Compared to other phagocytes, the respiratory burst in AM is of a greater magnitude. Oxygen-independent microbicidal mechanisms are based on the production of acid, on the secretion of lysozymes, on iron-binding proteins, and on the synthesis of toxic cationic polypeptides. Macrophages possess a repertoire of antimicrobial molecules packaged within their granules and lysosomes. These organelles contain a plethora of degradative enzymes and antimicrobial peptides that are released into the phagolysosome, such as proteases, nucleases, phosphatases, esterases, lipases, and highly basic peptides. Moreover, macrophages possess a number of nutrient deprivation mechanisms that are used to starve phagocytosed pathogens of essential micronutrients. Certain microorganisms have evolved countermeasures which enable them to evade being destroyed by phagocytes. Although lysosomal-mediated degradation is an efficient means by which to neutralize an infection and prevent colonization, several pathogens parasitize macrophages, exploiting them as a host cell for growth, maintenance and replication. Parasites like Toxoplasma gondii and mycobacteria are able to prevent fusion of phagosomes with lysosomes, thus escaping the harmful action of lysosomal hydrolases. Others avoid lysosomes by leaving the phagocytic vacuole, to reach the cytosolic matrix where their development is unhindered. In these instances, macrophages may be triggered to actively destroy phagocytosed microorganisms by producing a number of highly toxic molecules and inducing deprivational mechanism to starve it. Finally, some microbes have enzymes to detoxify oxygen metabolites formed during the respiratory burst.

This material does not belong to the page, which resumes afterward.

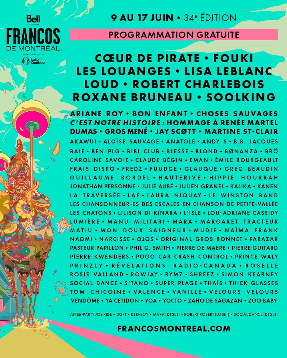 Le Quartier des spectacles, au centre-ville de Montréal, dansera au rythme du festival à partir du 9 jusqu'au 17 juin. Rendu à sa 34e édition, les Francos qui donnent le ton à l'été et proposent de nombreux événements gratuits. « Joignez-vous à ce beau délire célébrant toute la diversité de la chanson francophone. Que la fête commence ! », a lancé le directeur de la programmation, Maurin Auxéméry, par voie de communiqué.
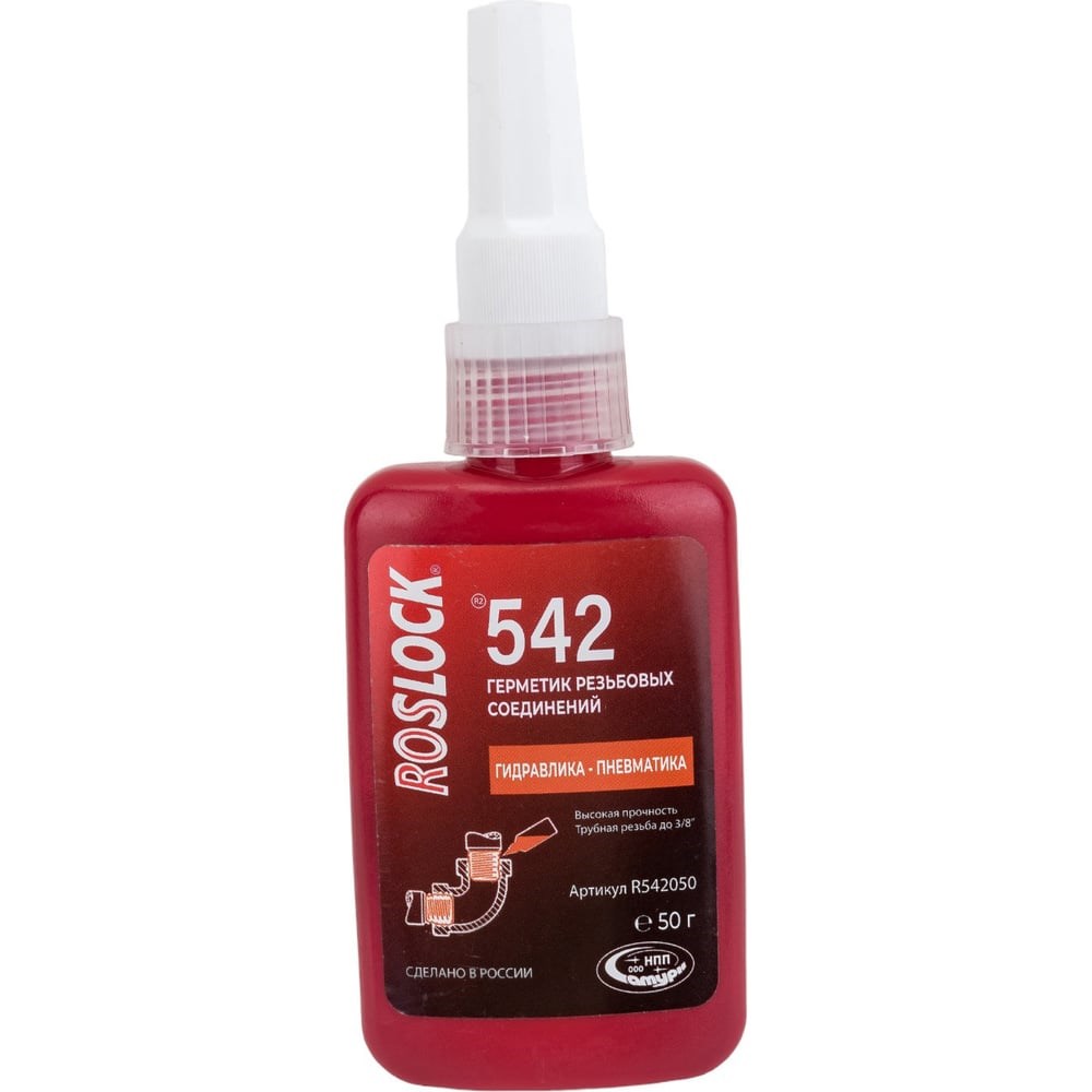 Герметик для металлических резьбовых гидравлических и пневматических соединений ROSLOCK 542 50 гр R542050 предназначен для работы с резьбой с сильной затяжкой: метрическая до М10, конусная, трубная 1/8" - 3/8", зазор в резьбе до 0,15 мм. Возможно, при разборке понадобится нагрев соединения. Свойства жидкого герметика Химическая основа: Диметакриловый полиэфир Внешний вид: Тиксотропная жидкость коричневого цвета Вязкость Брукфильду RVT при 25 °С по ГОСТ 25271: (A/2/2,5)1200 – 3000 мПа*с (A/2/20)350 – 800 мПа*с Температура вспышки: > 136 °С, не содержит растворителей Набор прочности Болт-гайка М10х1,5-6g/6H из стали марки 30 ГОСТ 1050 при (18 - 25) °С по ISO 10964: Ручная прочность (8 – 20) мин. Ручная прочность с активатором - до 5 мин. Функциональная прочность - через (3 – 6) ч Максимальная прочность - через 24 ч. Свойства отвержденного герметика Выдерживает температуру -60 °С ... 150 °С (4 ч до 180 °С). Метод испытаний при (18 - 25) °С: Изменение момента отвинчивания болт-гайка М10х1,5-6g/6H из стали марки 30 ГОСТ 1050 по ISO 10964. Момент страгивания (срыва) через 24 ч: (10 – 20) Н*м Момент отвинчивания через 24 ч: (15 – 30) Н*м Усилие выпрессовки (имитация сорванной резьбы): ≥ 5 МПа

When insufficient to ward off the threat, alveolar macrophages can release proinflammatory cytokines and chemokines to call forth a highly developed network of defensive phagocytic cells responsible for the adaptive immune response.

The lungs are especially sensitive and prone to damage, thus to avoid collateral damage to type 1 and type II pneumocytes, alveolar macrophages are kept in a quiescent state, producing little inflammatory cytokines and displaying little phagocytic activity, as evidenced by downregulated expression of the phagocytic receptor Macrophage 1 antigen (Mac-1). AMs actively suppress the induction of two of the immunity systems of the body: the adaptive immunity and humoral immunity. The adaptive immunity is suppressed through AM’s effects on interstitial dendritic cells, B-cells and T-cells, as these cells are less selective of what they destroy, and often cause unnecessary damage to normal cells. To prevent uncontrolled inflammation in the lower respiratory tract, alveolar macrophages secrete nitric oxide, prostaglandins, interleukin-4 and -10(IL-4, IL-10), and transforming growth factor-β (TGF-β).